-- Data section follows --
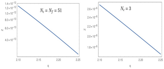 In order to investigate in the present context, we need to evaluate the integral of Equation (60). However, due to the aforementioned form of , this integral may not be obtained in a closed form, so we perform the integration by numerical analysis. This is depicted in Figure 4 where we take the following set of parameters: , , , and . In particular, we plot the ratio of with respect to the parameter q in Figure 4.
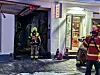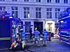 Brannvesenets mannskap inne i andre etasje i bygningen der det var kommet inn røyk etter brannen i bakgården like ved.Foto: Petter Terning
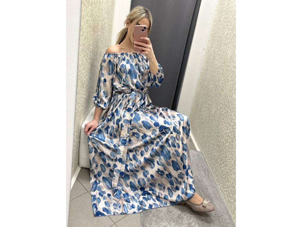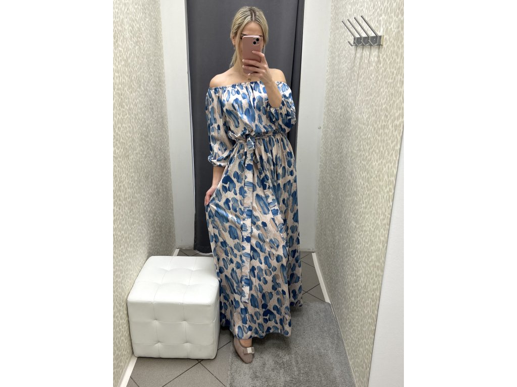 Maxi šaty v harmonické kombinaci modré a béžové barvy působí velmi sofistikovaně a nadčasově. Dominantou modelu je výstřih typu Carmen s odhalenými rameny, který dodává celkovému vzhledu jemný, romantický a zároveň elegantní nádech.
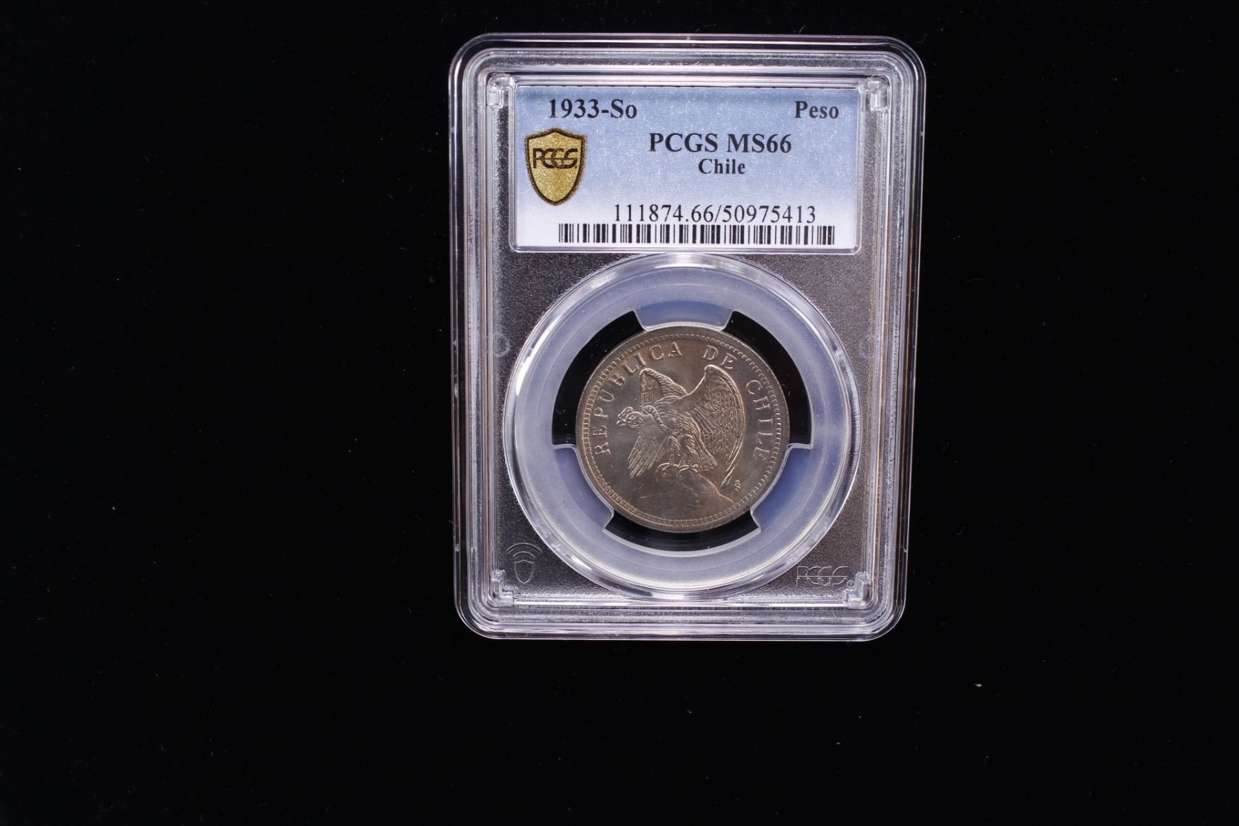 CHILE: Republic, 1 peso, 1933-So, KM-176.1, type without designer's signature, a fantastic mint state example! PCGS graded MS66.
-- Data section concluded --
**Requirement**
Restate the material above word for word; pictures do not belong in the copy.

**Exercise answer**
 In order to investigate in the present context, we need to evaluate the integral of Equation (60). However, due to the aforementioned form of , this integral may not be obtained in a closed form, so we perform the integration by numerical analysis. This is depicted in Figure 4 where we take the following set of parameters: , , , and . In particular, we plot the ratio of with respect to the parameter q in Figure 4.
 Brannvesenets mannskap inne i andre etasje i bygningen der det var kommet inn røyk etter brannen i bakgården like ved.Foto: Petter Terning
 Maxi šaty v harmonické kombinaci modré a béžové barvy působí velmi sofistikovaně a nadčasově. Dominantou modelu je výstřih typu Carmen s odhalenými rameny, který dodává celkovému vzhledu jemný, romantický a zároveň elegantní nádech.
 CHILE: Republic, 1 peso, 1933-So, KM-176.1, type without designer's signature, a fantastic mint state example! PCGS graded MS66.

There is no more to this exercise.